Session topics included establishing a relationship with a professor of color at the law school and professional Hispanic mentors in the Washington DC area, seeking out and fostering relationships with other students he felt comfortable with, and developing a supportive social network apart from school. The therapist was able to share personal experiences of racist attitudes at academic institutions, which helped the patient feel free to discuss the anti-Palestinian sentiments expressed by several of the law faculty he had interacted with.

The patient reported feeling 'empowered' after making considerable progress towards these goals. After three weeks of supportive therapy, a cognitive-behavioral assessment was performed to identify the precise factors that triggered the self-loathing episodes (Elligan, 1997). A diary was maintained by the patient for four weeks, which revealed morning interactions with White students and professors were the primary triggers. A treatment approach was devised that relied heavily on mindfulness techniques to reduce overall stress and to restructure negative though processes.

The diary was again used to track progress and after 11 weeks, the 3-times daily negative self-directed statements were eliminated and remained absent from the patient's life for at least two months. The intervention for this dysthymic patient was based on the assumption that it represented a reactive depression. Understanding the historical events that led to developing dysthymia was an important part of the treatment regimen, yet the use of mindfulness techniques, improved coping skills, and adverse cognitive habit restructuring could have still been used without this history.

Pharmocological intervention was unnecessary, probably because the depressive symptoms were so responsive to psychotherapy. Treatment Chronic depression is currently classified as dysthymia, double depression, chronic major depression, or recurrent major depression with incomplete remission between episodes (Kriston, von Wolff, and Holzel, 2010, p. 1). These patients tend to suffer from worse treatment outcomes, tend to be resistant to pharmacological interventions, are frequently hospitalized, and commit suicide more often than patients with major depression.

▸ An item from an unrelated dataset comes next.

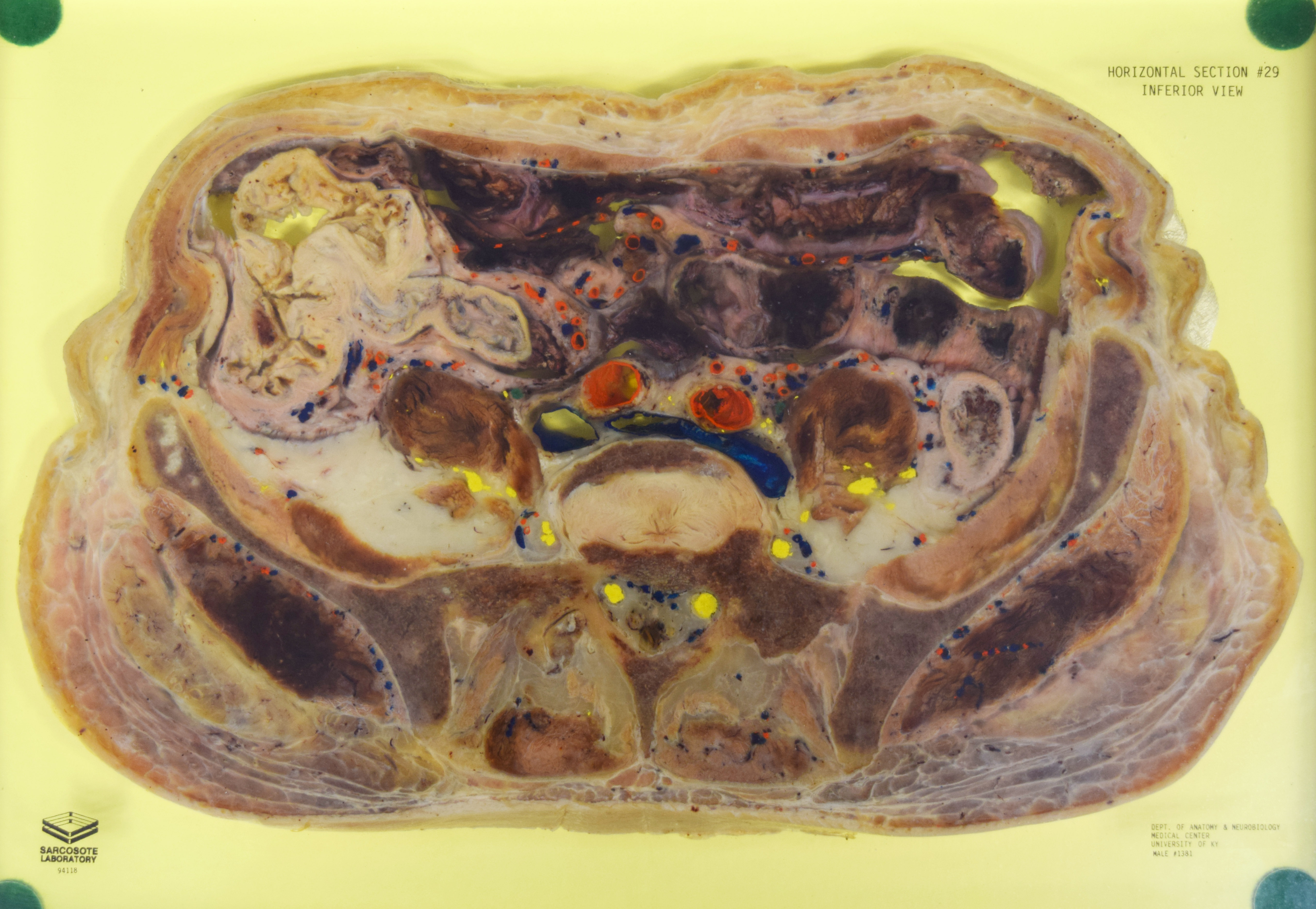 Long Description: Torso, horizontal section 29. Adult male. Painted to indicate veins (blue), arteries (red), and nerves (yellow). View from inferior. Specimen in acrylic. Property of the University of Kentucky Gross Anatomy Lab.

The most common form of dysthymia encountered in the clinical setting is double depression, rather than pure dysthymia (Akiskal and Cassano, 1997, p. 13-14). The clinical bias against pure dysthymia exists because the symptoms of pure dysthymia tend to be subtle enough to remain undetected by both the sufferer and their primary care physician, and therefore remains untreated unless major depressive symptoms develop. Current treatment guidelines recommend first ruling out an underlying medical or substance abuse problem (National Institute of Mental Health, n.d.).

If dysthymia is eventually diagnosed, patients may be prescribed any of a number of antidepressant medications, such as Prozac, Zoloft, Paxil, Luvox, Celexa, Lexapro, Wellbutrin, tricyclic antidepressants, and monoamine oxidase inhibitors (PubMed Health, 2012). Psychotherapy may also be prescribed and consist of cognitive behavioral therapy, psychodynamic therapy, and/or a dysthymia support group. The most effective intervention has been shown to be a combination of both psychotherapeutic and pharmacological (Kriston, von Wolff, and Holzel, 2010, p. 2; PubMed Health, 2012).

Prevention If dysthymia for a particular person was triggered by a significant adverse life event (reactive depression) there is not much that can be done to prevent this from occurring; however, those impacted should be closely monitored for the development of subclinical.